START Collected material
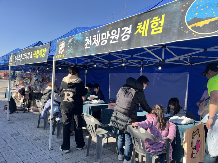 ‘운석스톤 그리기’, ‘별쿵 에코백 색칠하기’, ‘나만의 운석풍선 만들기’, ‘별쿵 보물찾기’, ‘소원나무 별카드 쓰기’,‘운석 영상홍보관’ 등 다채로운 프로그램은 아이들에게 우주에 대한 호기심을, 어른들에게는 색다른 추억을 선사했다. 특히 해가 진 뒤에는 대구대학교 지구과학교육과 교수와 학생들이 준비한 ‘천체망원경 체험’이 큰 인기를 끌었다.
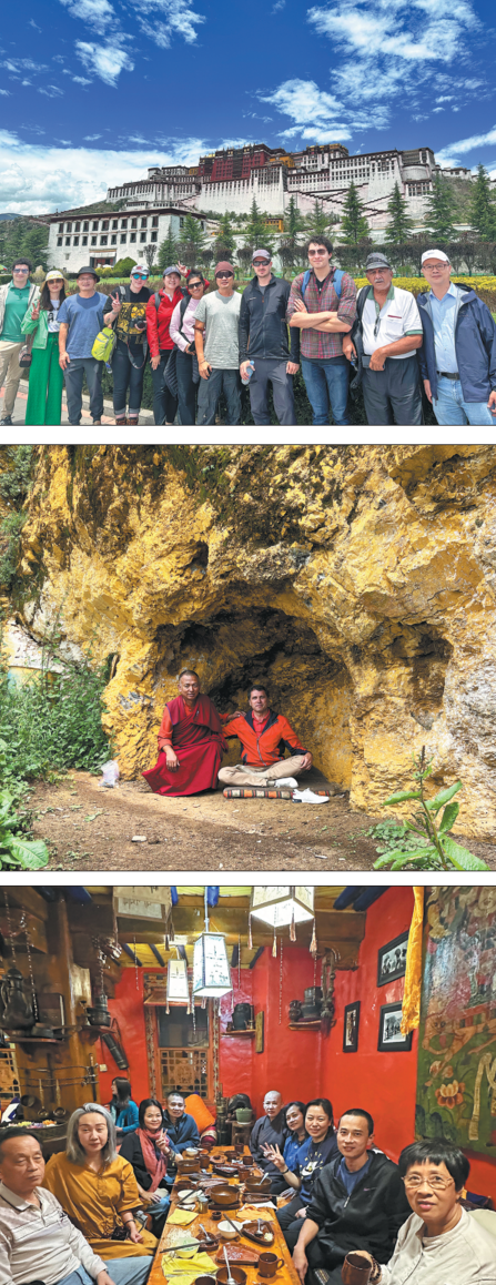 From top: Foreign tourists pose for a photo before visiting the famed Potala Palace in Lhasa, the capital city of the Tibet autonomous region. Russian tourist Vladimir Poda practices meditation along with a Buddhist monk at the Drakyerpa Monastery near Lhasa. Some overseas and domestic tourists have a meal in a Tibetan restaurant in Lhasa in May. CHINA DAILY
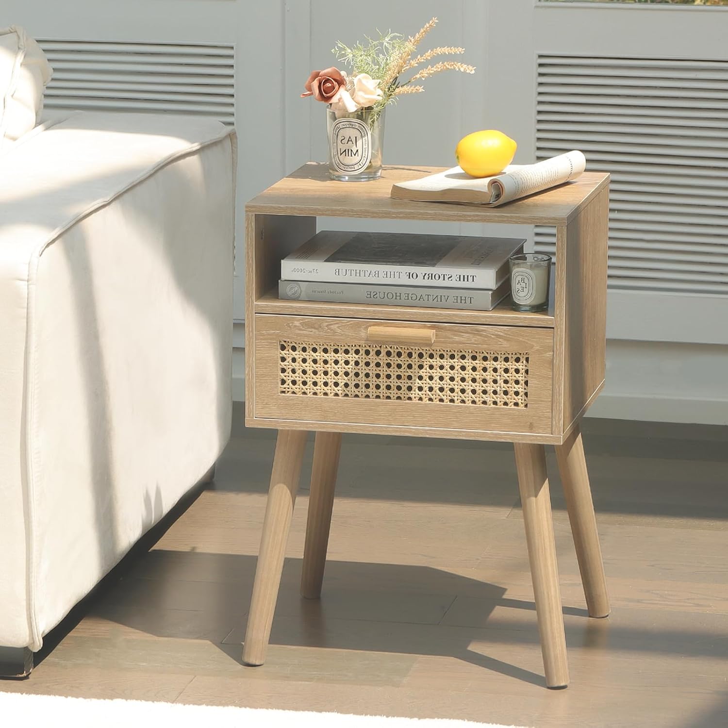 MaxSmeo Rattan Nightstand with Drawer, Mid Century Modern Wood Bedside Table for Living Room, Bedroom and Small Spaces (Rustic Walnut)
END Collected material
• Work instructions:
When you write out the material, keep every line exact and leave out each picture.

• Response to this task:
 ‘운석스톤 그리기’, ‘별쿵 에코백 색칠하기’, ‘나만의 운석풍선 만들기’, ‘별쿵 보물찾기’, ‘소원나무 별카드 쓰기’,‘운석 영상홍보관’ 등 다채로운 프로그램은 아이들에게 우주에 대한 호기심을, 어른들에게는 색다른 추억을 선사했다. 특히 해가 진 뒤에는 대구대학교 지구과학교육과 교수와 학생들이 준비한 ‘천체망원경 체험’이 큰 인기를 끌었다.
 From top: Foreign tourists pose for a photo before visiting the famed Potala Palace in Lhasa, the capital city of the Tibet autonomous region. Russian tourist Vladimir Poda practices meditation along with a Buddhist monk at the Drakyerpa Monastery near Lhasa. Some overseas and domestic tourists have a meal in a Tibetan restaurant in Lhasa in May. CHINA DAILY
 MaxSmeo Rattan Nightstand with Drawer, Mid Century Modern Wood Bedside Table for Living Room, Bedroom and Small Spaces (Rustic Walnut)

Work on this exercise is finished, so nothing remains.